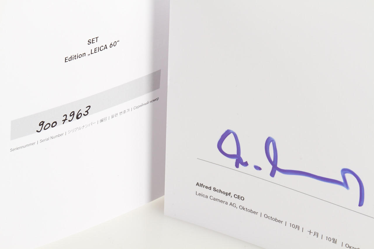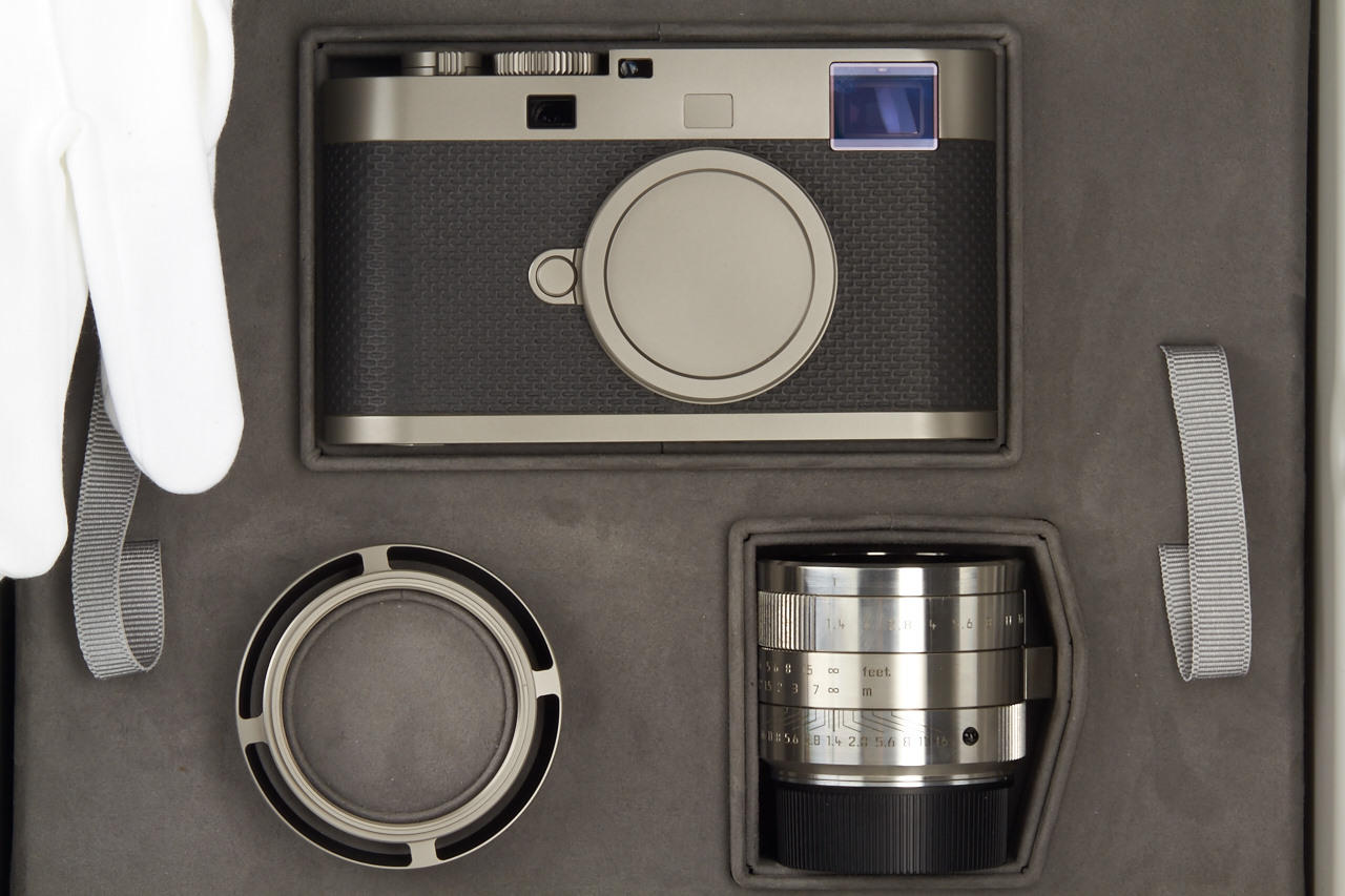 2014 Leica was celebrating the 60th anniversary of the birth of the legendary Leica rangefinder system with a strictly limited special edition – the Leica M Edition 60, the original set was strictly limited to 600 examples worldwide. This particular set is a pre-series Leica 60 no.P23/24 with a prototype Summilux-M 1.4/35mm no.23/24 in polished stainless steel finish. The outfit is complete with hood, strap, papers, certificate, presentation box.
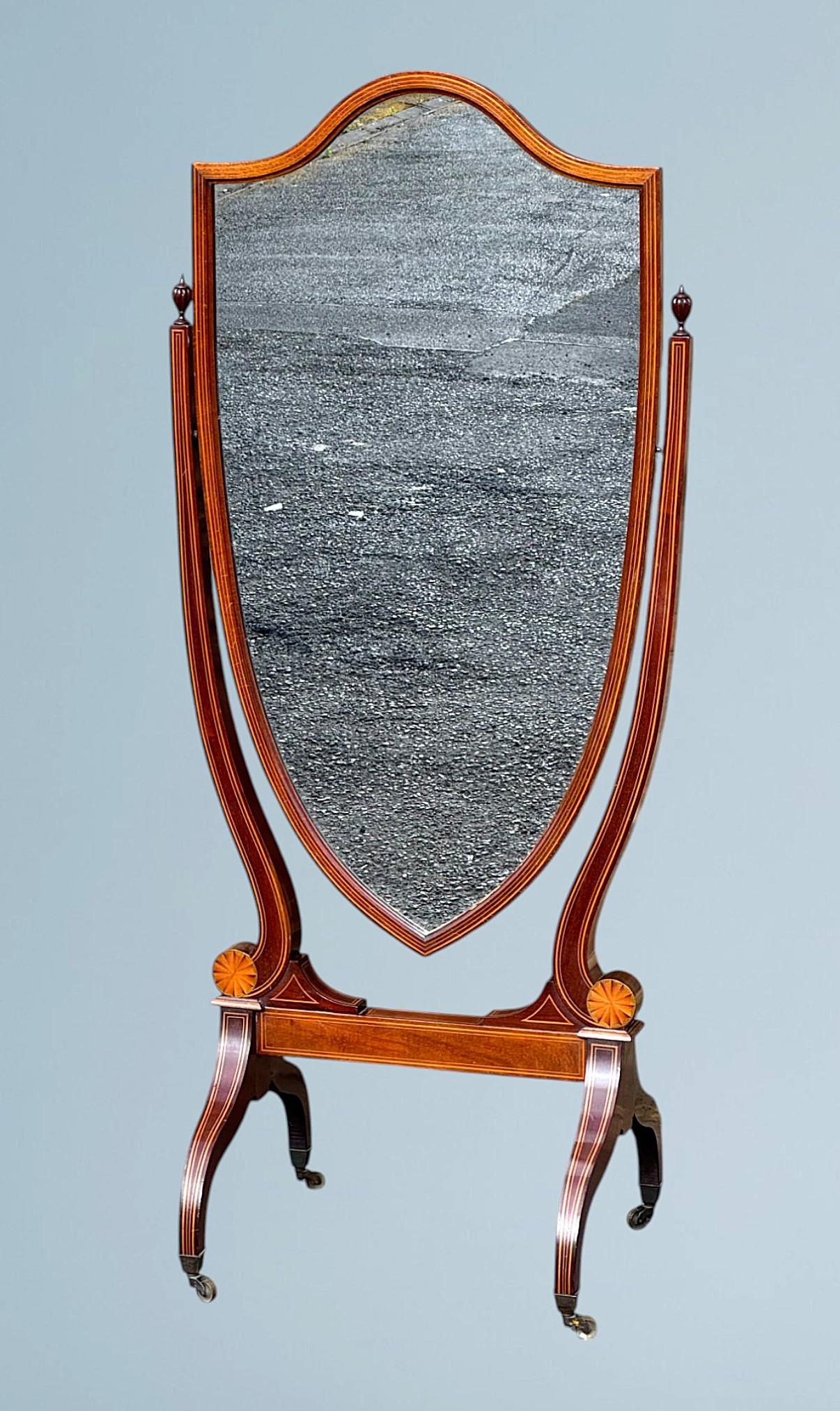 Edwardian Inlaid Mahogany Shield Shape Cheval Mirror
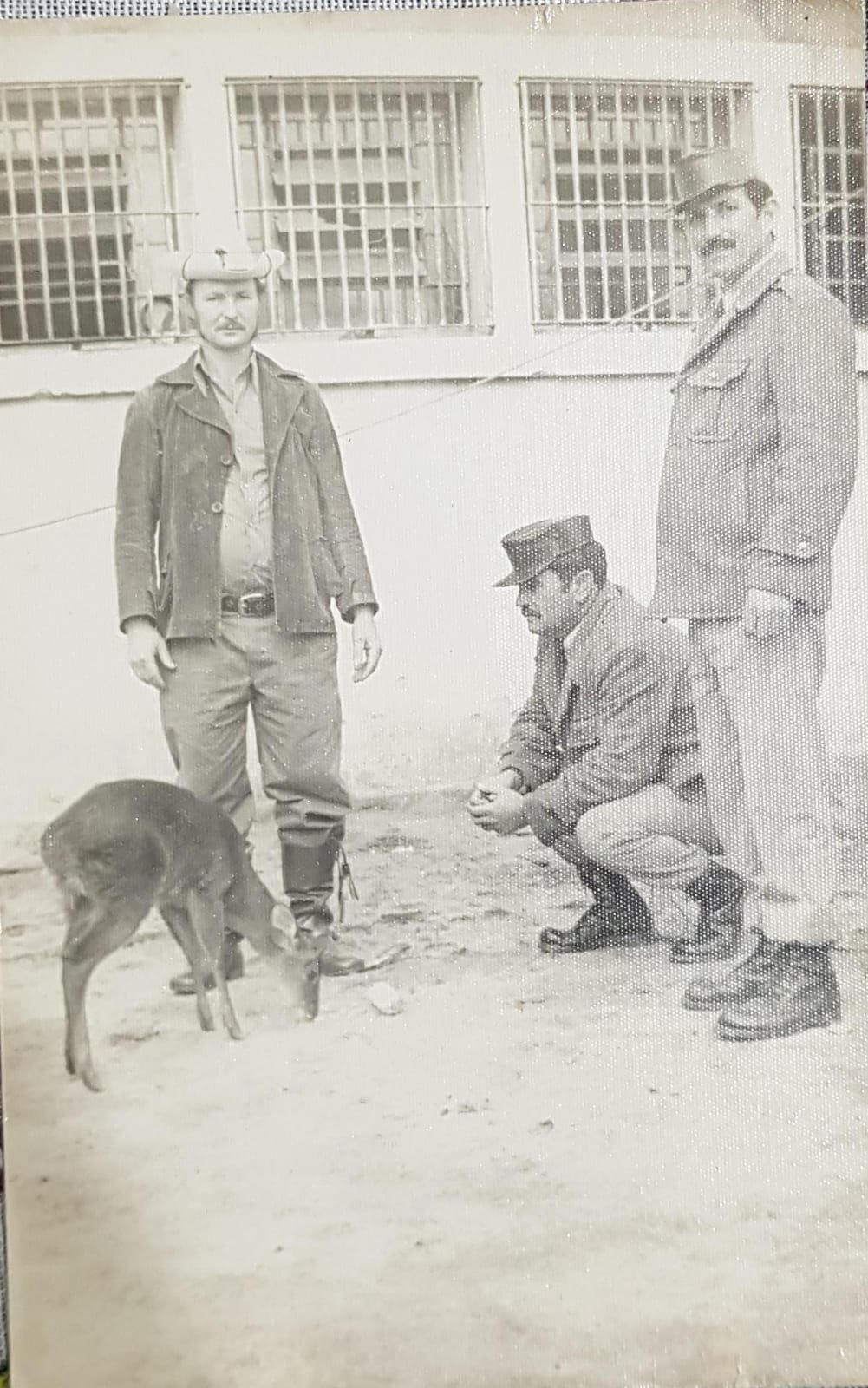 Júlio Gritz. Miguel Morvan e um civil. Fundos da delegacia Itaiópolis. Veado domesticado. Por volta de 1975
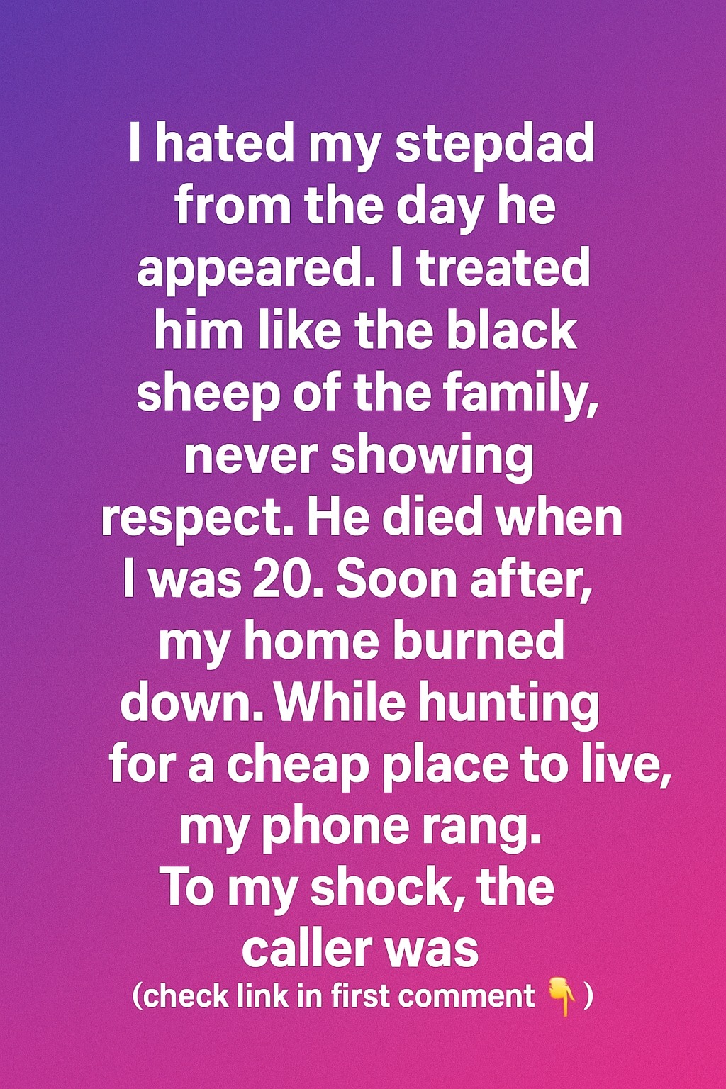 I hated my stepdad from the day he appeared. I treated him like the black sheep of the family, never showing respect. He died when I was 20. Soon after, my home burned down. While hunting for a cheap place to live, my phone rang. To my shock, the caller was his lawyer.
_____
■ Exercise description ■
Give again the stretch of lines above from the one with "Edwardian Inlaid Mahogany" through the one with "Júlio Gritz. Miguel", both ends kept, and copy no pictures.

■ Exercise result ■
 Edwardian Inlaid Mahogany Shield Shape Cheval Mirror
 Júlio Gritz. Miguel Morvan e um civil. Fundos da delegacia Itaiópolis. Veado domesticado. Por volta de 1975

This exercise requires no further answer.